Article Text


  1. N N Mannakkara,
  2. A M Mozid,
  3. R Showkathali,
  4. A S Sheikh,
  5. K H Tang,
  6. N M Robinson,
  7. A M Kabir,
  8. R O Jagathesan,
  9. J W Sayer,
  10. P A Kelly,
  11. R K Aggarwal,
  12. G J Clesham,
  13. J R Davies,
  14. R A Gamma
  1. The Essex Cardiothoracic Centre


    Aims Current national and international guidelines continue to recommend activation of the primary percutaneous coronary intervention (PPCI) pathway in patients presenting with chest pain and presumed new-onset left bundle branch block (LBBB). Previous research has suggested that a lower proportion of patients presenting with LBBB require emergency intervention. In this study we have compared baseline clinical characteristics, angiographic findings and subsequent outcome in patients with LBBB versus ST-elevation myocardial infarction (STEMI) referred to our tertiary centre for PPCI.

    Table 1

    Clinical characteristics

    Methods All patients accepted for PPCI within the period of September 2009 to November 2011 were included in the study. Patient data obtained from our Cardiac Services Database System (Phillips CVIS) were analysed and angiographic images reviewed on our Cardiac Image Database (McKesson Horizon). Mortality data were gathered from the Summary Care Record (SCR) database. Statistical comparisons of continuous variables were made by an unpaired t test. Categorical variables were compared using the χ2 test. A p value of <0.05 was considered to indicate statistical significance.

    Results During the study period, 1875 patients were referred for PPCI of whom 155 (8.3%) had LBBB. Compared with STEMI, patients with LBBB were significantly older, more likely to be female and have prior history of MI and CABG (table 1). Patients with LBBB had similar door-to-balloon (DTB) and call-to-balloon (CTB) times. PCI was performed in 40 (26%) patients with LBBB although an acutely occluded culprit vessel was found in only 19 (12.2%) patients (table 2). Furthermore, 85 (54.8%) patients had non-flow limiting coronary artery disease and of those with significant disease 12 (7.7%) patients required CABG (figure 1). Overall, an acute coronary syndrome (defined as ischaemic chest pain with positive troponin) was confirmed in only 67 (43.2%) of patients presenting with LBBB. 30-day mortality was similar between LBBB and STEMI patients (table 2). However, during a mean follow-up period of 2.1 years, overall mortality was significantly higher in the LBBB group compared to STEMI (HR 2.01, 95% CI 1.26 to 3.20) (figure 2).

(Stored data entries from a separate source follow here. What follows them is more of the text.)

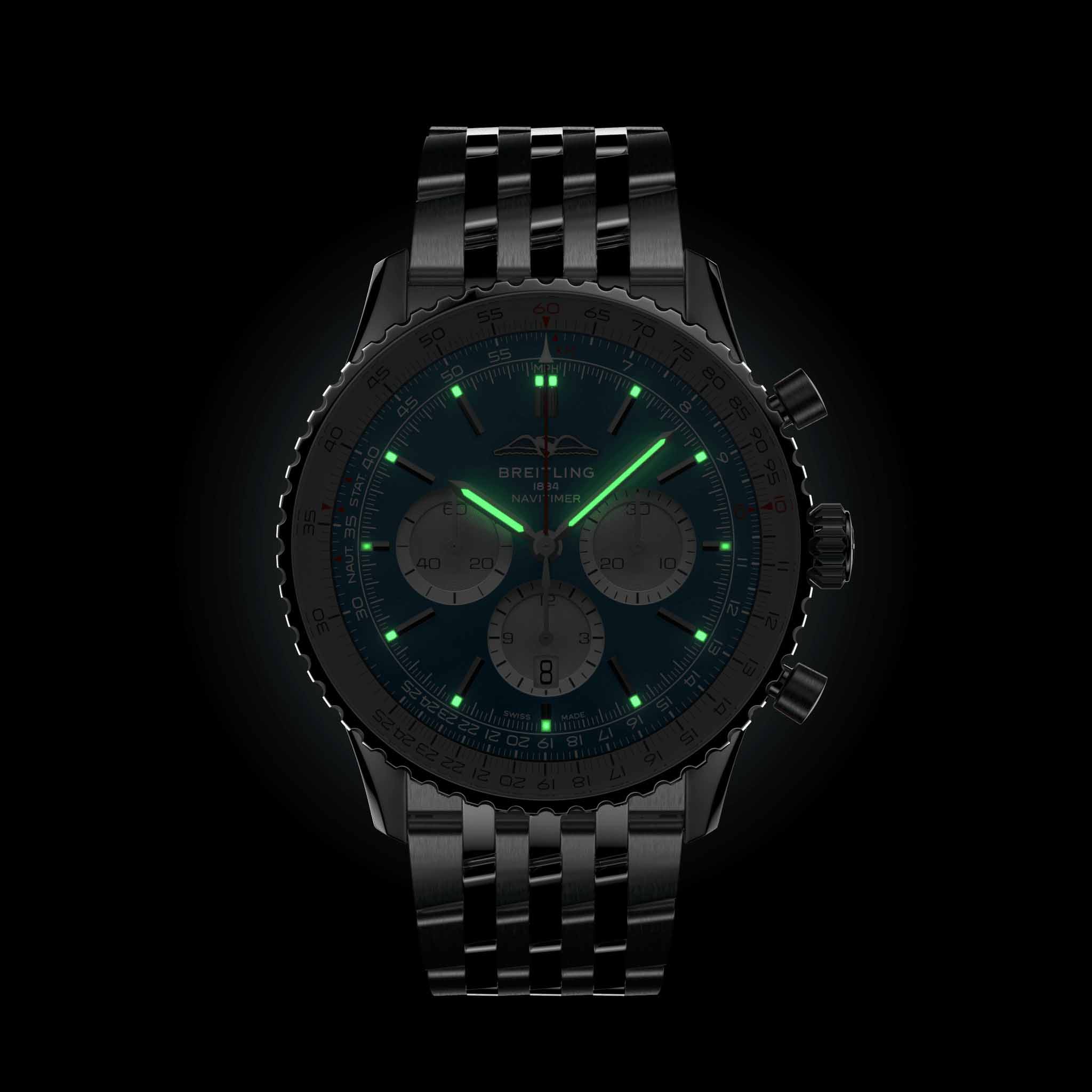 Мужские швейцарские часы-хронографХронографФункция позволяет измерять отрезки времени с особой точностью: часы, минуты, секунды. Верным признаком хронографа является наличие на циферблате 3 дополнительных окошек-счётчиков. с секундомеромСекундомерСекундоме́р — прибор, способный измерять интервалы времени с точностью до долей секунды. Breitling Navitimer B01 Chronograph 46 AB0137211C1A1, механический механизм (автоматический калибр) с высокой точностью. Сапфировое стеклоСапфировое стеклоПрочный и надёжный материал из кристалла сапфира синтетического происхождения, характеризующийся особой твёрдостью и устойчивостью к царапинам и повреждениям. с антибликовым покрытием устойчивое к появлению царапин, обладающее высокой прозрачностью. Класс водозащиты: 30 метров, позволит защитить корпус от случайных брызг или капель дождя. Корпус часов изготовлен из стали. Стальной браслет с застёжкой-бабочкой с кнопкамиЗастёжка "бабочка"Такой вид застёжки дополняется предохранителями, помогающими избежать случайного раскрытия браслета. Обладают изящным исполнением. . Шкала тахиметраТахиметрРазмеченная шкала, располагается на ободке или безеле часов. Тахиметр позволяет рассчитать скорость на определённом участке пути, расстояние измеряется в километрах или милях. на циферблате. Часы имеют сертификат COSCСертификат COSCОфициальный сертификат, подтверждающий то, что часы ходят с особо высокой точностью. Для получения документа часы подвергаются тестовым испытаниям, разработанным швейцарским институтом тестирования хронометров COSC. Допустимая норма для механических часов -4/+6 секунд в день, для кварцевых моделей +/- 0,07 секунд в день.. Окошко даты находится в положении 6 часов. Стрелки и метки с люминесцентным покрытиемЛюминесцентное покрытиеПозволяет считывать показания времени в темноте. Производители наносят на стрелки, часовые индексы, безель или поверхность циферблата светонакопительный состав, дающий холодное свечение..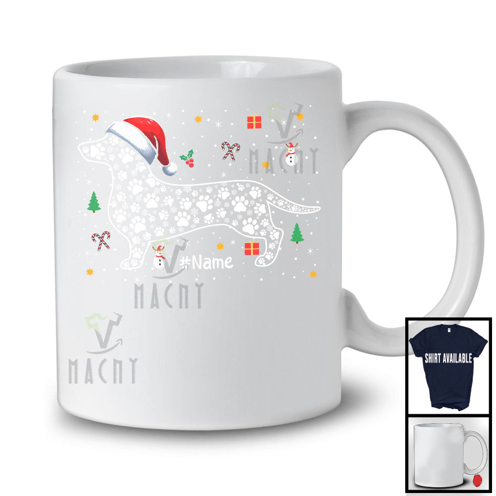 Personalized Christmas Santa Dachshund Paws Shape; Cheerful X-mas Custom Name Dachshund; Family T-Shirt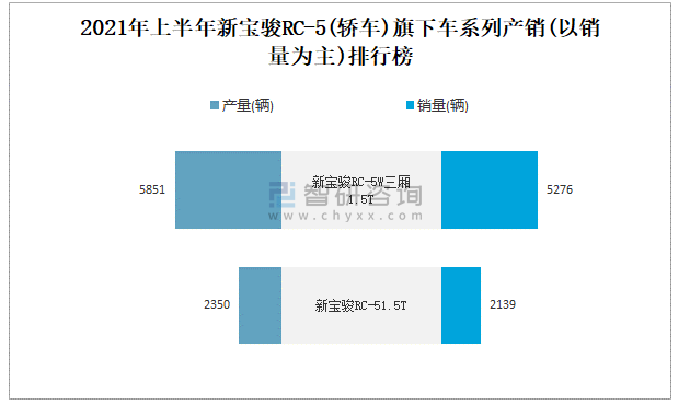 2021年上半年新寶駿RC-5(轎車)旗下車系列產銷(以銷量為主)排行榜

    Conclusions Our study shows that, in contrast to STEMI, only a small proportion of patients presenting with chest pain and LBBB had an acutely occluded coronary artery. Although short-term mortality was similar between the two groups, long-term outcome was significantly worse in patients with LBBB. Further work is needed to identify those patients presenting with LBBB who are most likely to have an acute coronary occlusion, in order to facilitate the appropriate use of emergency coronary angiography and PPCI.

    Table 2

    Clinical outcomes

    Figure 1

    Clinical outcome in patients with LBBB.

    Figure 2

    Kaplan-Meier comparison of survival curves.